Return all of the entries below, word for word. Omit each picture.
####################
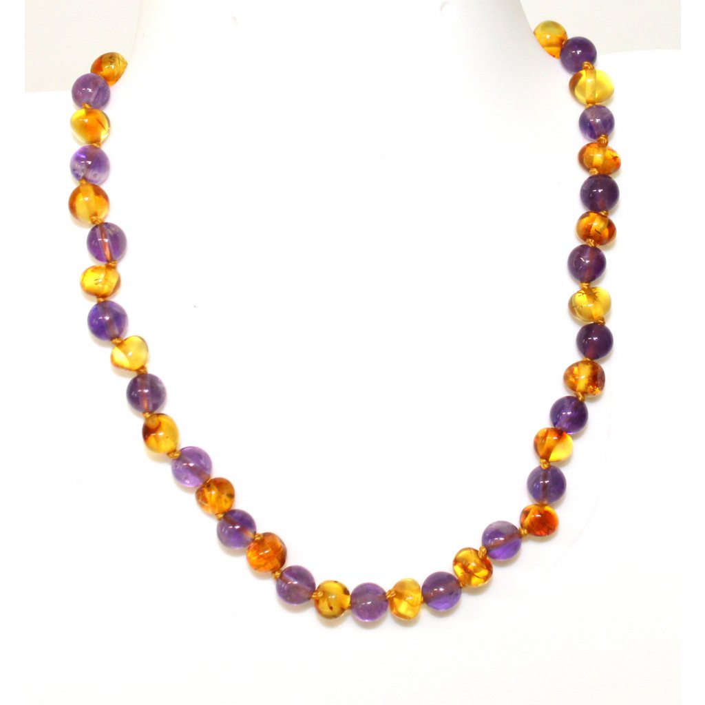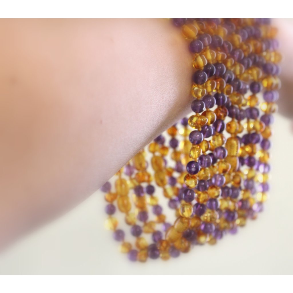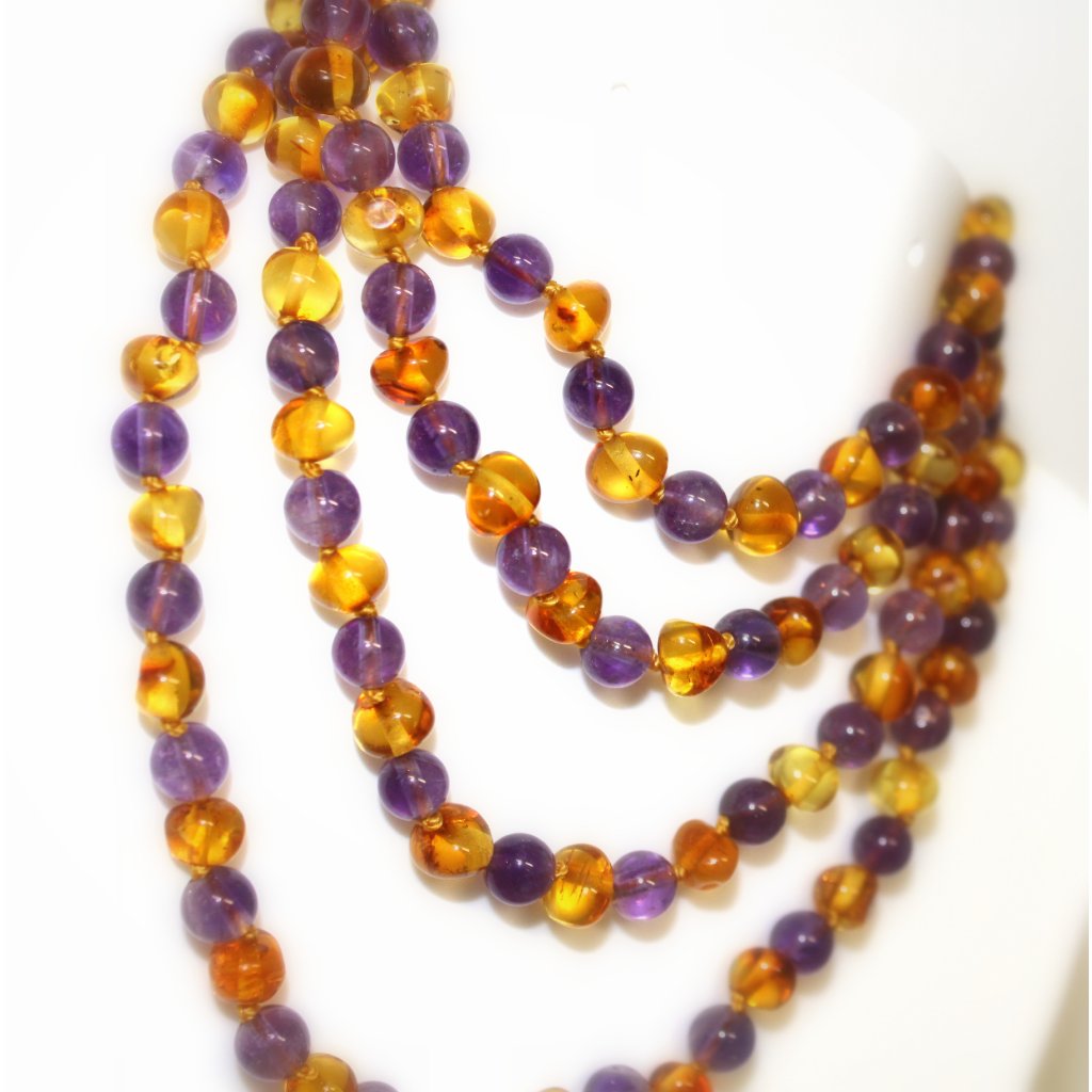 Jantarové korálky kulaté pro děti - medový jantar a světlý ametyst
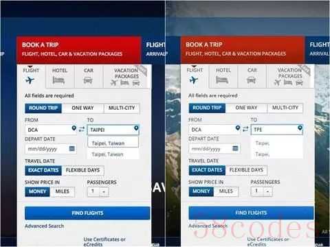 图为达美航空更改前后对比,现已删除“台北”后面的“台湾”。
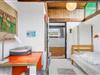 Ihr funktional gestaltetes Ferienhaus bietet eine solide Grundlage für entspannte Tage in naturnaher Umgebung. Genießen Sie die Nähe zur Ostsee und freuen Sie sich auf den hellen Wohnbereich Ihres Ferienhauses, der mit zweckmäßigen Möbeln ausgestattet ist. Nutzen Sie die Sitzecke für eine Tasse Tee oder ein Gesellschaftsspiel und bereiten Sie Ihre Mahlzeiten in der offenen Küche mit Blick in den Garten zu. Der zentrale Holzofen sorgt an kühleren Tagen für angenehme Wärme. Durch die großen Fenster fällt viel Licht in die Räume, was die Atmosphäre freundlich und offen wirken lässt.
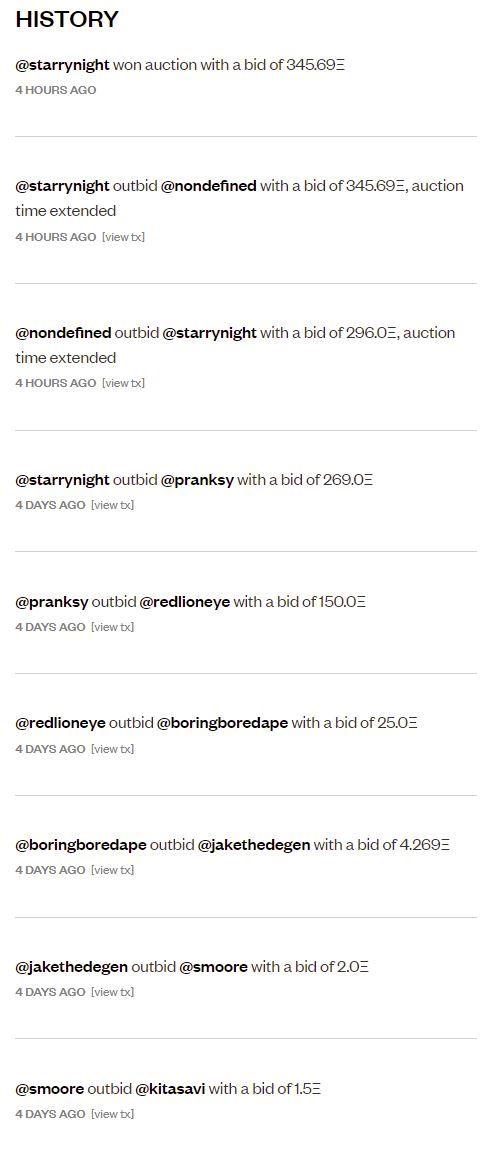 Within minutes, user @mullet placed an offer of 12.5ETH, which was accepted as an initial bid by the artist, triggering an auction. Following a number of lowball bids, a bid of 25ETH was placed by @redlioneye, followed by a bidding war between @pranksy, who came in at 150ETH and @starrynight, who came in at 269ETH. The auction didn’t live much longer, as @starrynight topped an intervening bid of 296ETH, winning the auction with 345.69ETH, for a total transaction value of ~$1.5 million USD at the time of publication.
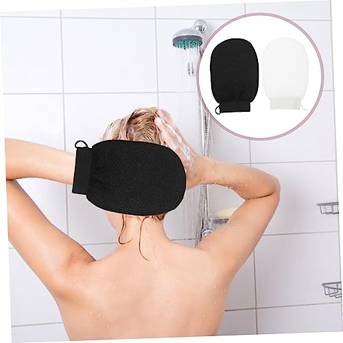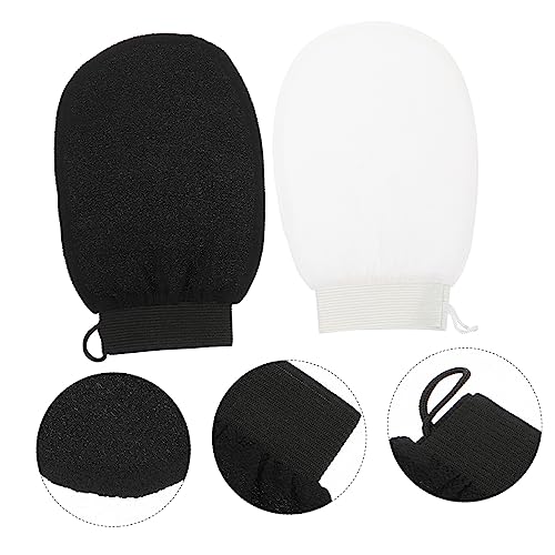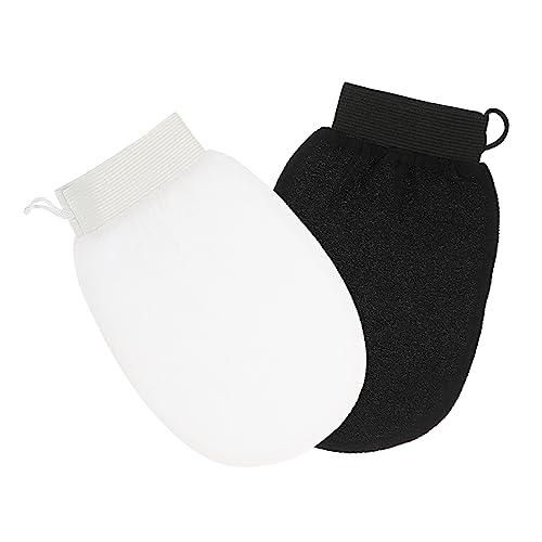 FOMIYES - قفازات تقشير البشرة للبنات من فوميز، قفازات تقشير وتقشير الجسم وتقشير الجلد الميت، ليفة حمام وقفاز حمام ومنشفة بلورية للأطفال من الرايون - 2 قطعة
####################
**RESULT OF THIS EXERCISE**
 Jantarové korálky kulaté pro děti - medový jantar a světlý ametyst
 图为达美航空更改前后对比,现已删除“台北”后面的“台湾”。
 Ihr funktional gestaltetes Ferienhaus bietet eine solide Grundlage für entspannte Tage in naturnaher Umgebung. Genießen Sie die Nähe zur Ostsee und freuen Sie sich auf den hellen Wohnbereich Ihres Ferienhauses, der mit zweckmäßigen Möbeln ausgestattet ist. Nutzen Sie die Sitzecke für eine Tasse Tee oder ein Gesellschaftsspiel und bereiten Sie Ihre Mahlzeiten in der offenen Küche mit Blick in den Garten zu. Der zentrale Holzofen sorgt an kühleren Tagen für angenehme Wärme. Durch die großen Fenster fällt viel Licht in die Räume, was die Atmosphäre freundlich und offen wirken lässt.
 Within minutes, user @mullet placed an offer of 12.5ETH, which was accepted as an initial bid by the artist, triggering an auction. Following a number of lowball bids, a bid of 25ETH was placed by @redlioneye, followed by a bidding war between @pranksy, who came in at 150ETH and @starrynight, who came in at 269ETH. The auction didn’t live much longer, as @starrynight topped an intervening bid of 296ETH, winning the auction with 345.69ETH, for a total transaction value of ~$1.5 million USD at the time of publication.
 FOMIYES - قفازات تقشير البشرة للبنات من فوميز، قفازات تقشير وتقشير الجسم وتقشير الجلد الميت، ليفة حمام وقفاز حمام ومنشفة بلورية للأطفال من الرايون - 2 قطعة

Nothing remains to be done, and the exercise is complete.